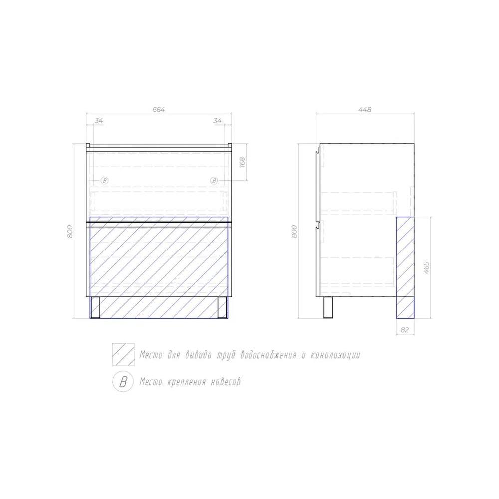 Тумба под раковину напольная VIGO Cross 448, 70 см. Гарантийный срок 2 года. Монтаж: напольный. Доводчик: да. Нажимной механизм: нет.
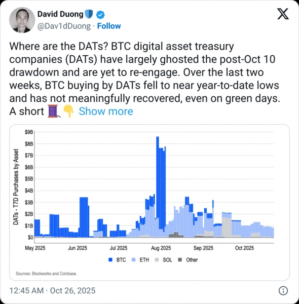 Компании, покупающие биткоины, «в значительной степени пережили падение после 10 октября и еще не возобновили деятельность», – заявил в воскресенье Дэвид Дуонг, руководитель отдела глобальных инвестиционных исследований Coinbase Institutional.
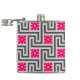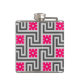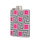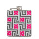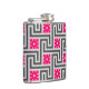 Flasche in einem Art-Déco griechischen Schlüssel oder Labyrinth Muster in hellsilbergrau / grau und dunkelgrau akzentuiert mit tiefgründig fuchsienrosa
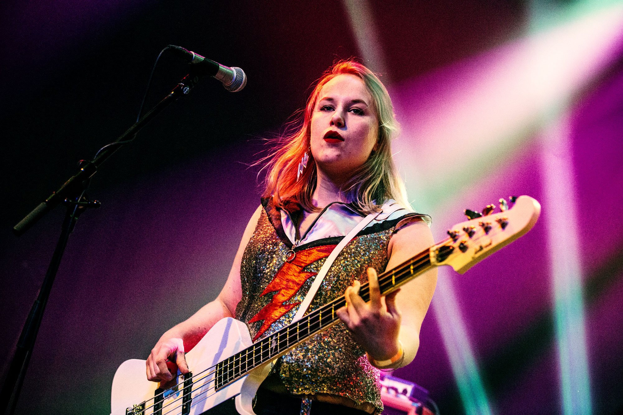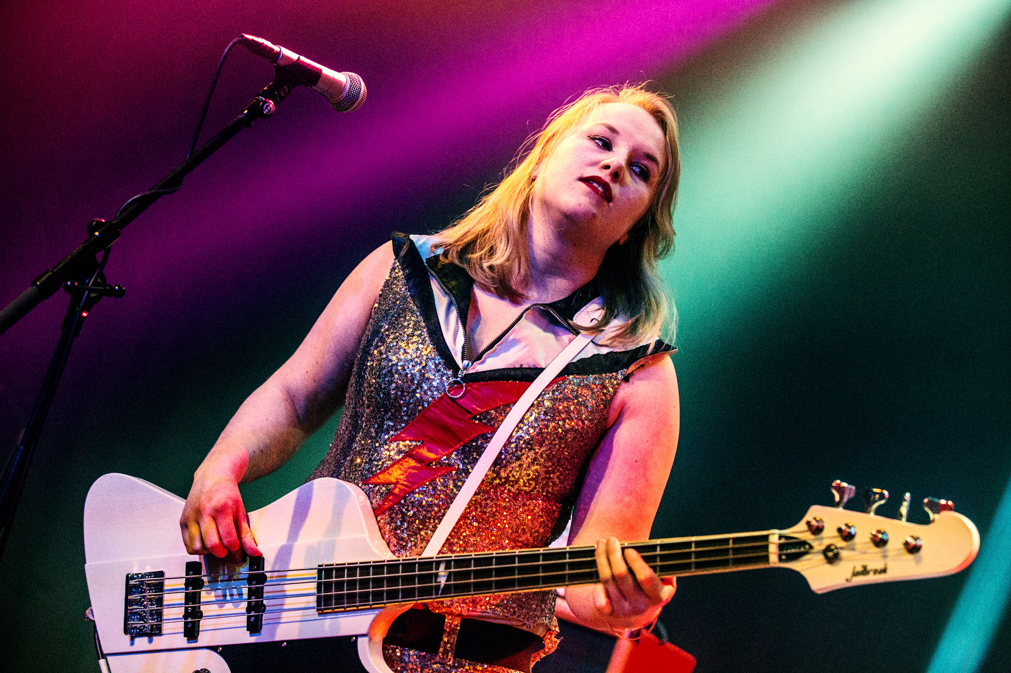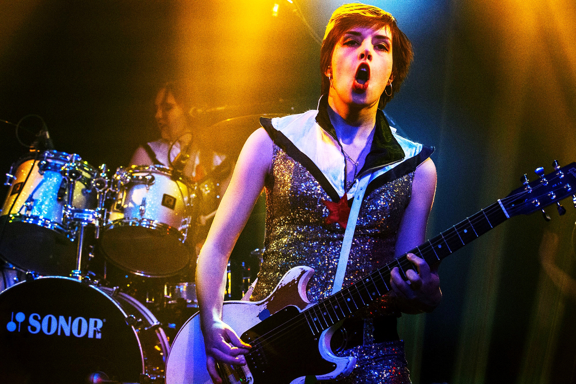 Das war ein enttäuschender Abschluss des Crossroads Festivals am Samstagabend – zumindest was den ersten Teil betrifft. Maja Linn Samuelsson (Sängerin und Gitarristin), Bassistin Sara Frendin und Schlagzeugerin Astrid Carsbring kommen in goldenem Goldglitteroutfit auf die Bühne. Man merkt den jungen Frauen von Heavy Tiger die Nervosität an, und das Publikum feuert sie fair an. „Saigon Kiss“ wirkt gewollt hart, „Feline Feeling“ bleibt an der harmlosen Oberfläche. Bei „Superstar“ funkelt ein wenig Grunge und Samuelssons Gesang wird etwas rotziger.

→ WHAT YOU ARE ASKED TO DO: A verbatim copy of the listing, with all pictures removed, is required.

→ TASK OUTPUT:
 Тумба под раковину напольная VIGO Cross 448, 70 см. Гарантийный срок 2 года. Монтаж: напольный. Доводчик: да. Нажимной механизм: нет.
 Компании, покупающие биткоины, «в значительной степени пережили падение после 10 октября и еще не возобновили деятельность», – заявил в воскресенье Дэвид Дуонг, руководитель отдела глобальных инвестиционных исследований Coinbase Institutional.
 Flasche in einem Art-Déco griechischen Schlüssel oder Labyrinth Muster in hellsilbergrau / grau und dunkelgrau akzentuiert mit tiefgründig fuchsienrosa
 Das war ein enttäuschender Abschluss des Crossroads Festivals am Samstagabend – zumindest was den ersten Teil betrifft. Maja Linn Samuelsson (Sängerin und Gitarristin), Bassistin Sara Frendin und Schlagzeugerin Astrid Carsbring kommen in goldenem Goldglitteroutfit auf die Bühne. Man merkt den jungen Frauen von Heavy Tiger die Nervosität an, und das Publikum feuert sie fair an. „Saigon Kiss“ wirkt gewollt hart, „Feline Feeling“ bleibt an der harmlosen Oberfläche. Bei „Superstar“ funkelt ein wenig Grunge und Samuelssons Gesang wird etwas rotziger.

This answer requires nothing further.